SC7 aims to provide drone-based support to people working in "the great outdoors" on forestry and construction site applications. To that end, the SC lead, Ford Otosan, has collected a strong group of partners to provide the application development - KATAM, the drones from ANASAYFA - TUSAS, certified aircraft, and Avular, SMART and ROBONIK and supporting technologies. Among the supporting technologies are also found systems for fast deployment of mobile networks - Turkcell to support drone-based sensing for advanced applications of collaborative construction equipment, incorporating path planning algorithms from TÜBİTAK. Furthermore, SC7 will involve an onboard edge/gateway module platform (by CrossControl), as an enabler for AI, situational awareness and connectivity, enabling the autonomous collaboration of vehicles.

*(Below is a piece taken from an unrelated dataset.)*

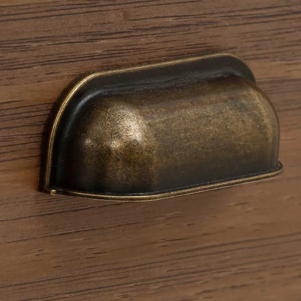 - Handliche Metall-Muschelgriffe in Altmessingfarben

SC 8: BVLOS logistics service

SC8 provides support for drone-related logistic services and automated operations in BVLOS conditions. The supply chain leader, Airholding, will coordinate the work between all partners and will lead the integration tasks. AnyWi will provide a system for the communication hand-over between BVLOS ground control stations. NLR will deliver components for the Detect And Avoid system and will integrate this system into a NLR drone. esc Aerospace will deliver the system for precise positioning and will provide a drone platform for the demonstration events. ISEP, together with Airholding and esc Aerospace, will deliver modules for secure and resilient communication between ground and the onboard computer.

Acknowledgement

ADACORSA has received funding from the ECSEL Joint Undertaking (JU) under grant agreement No 876019.
The JU receives support from the European Union’s Horizon 2020 research and innovation programme and Germany, Netherlands, Austria, France, Sweden, Cyprus, Greece, Lithuania, Portugal, Italy, Finland, Turkey.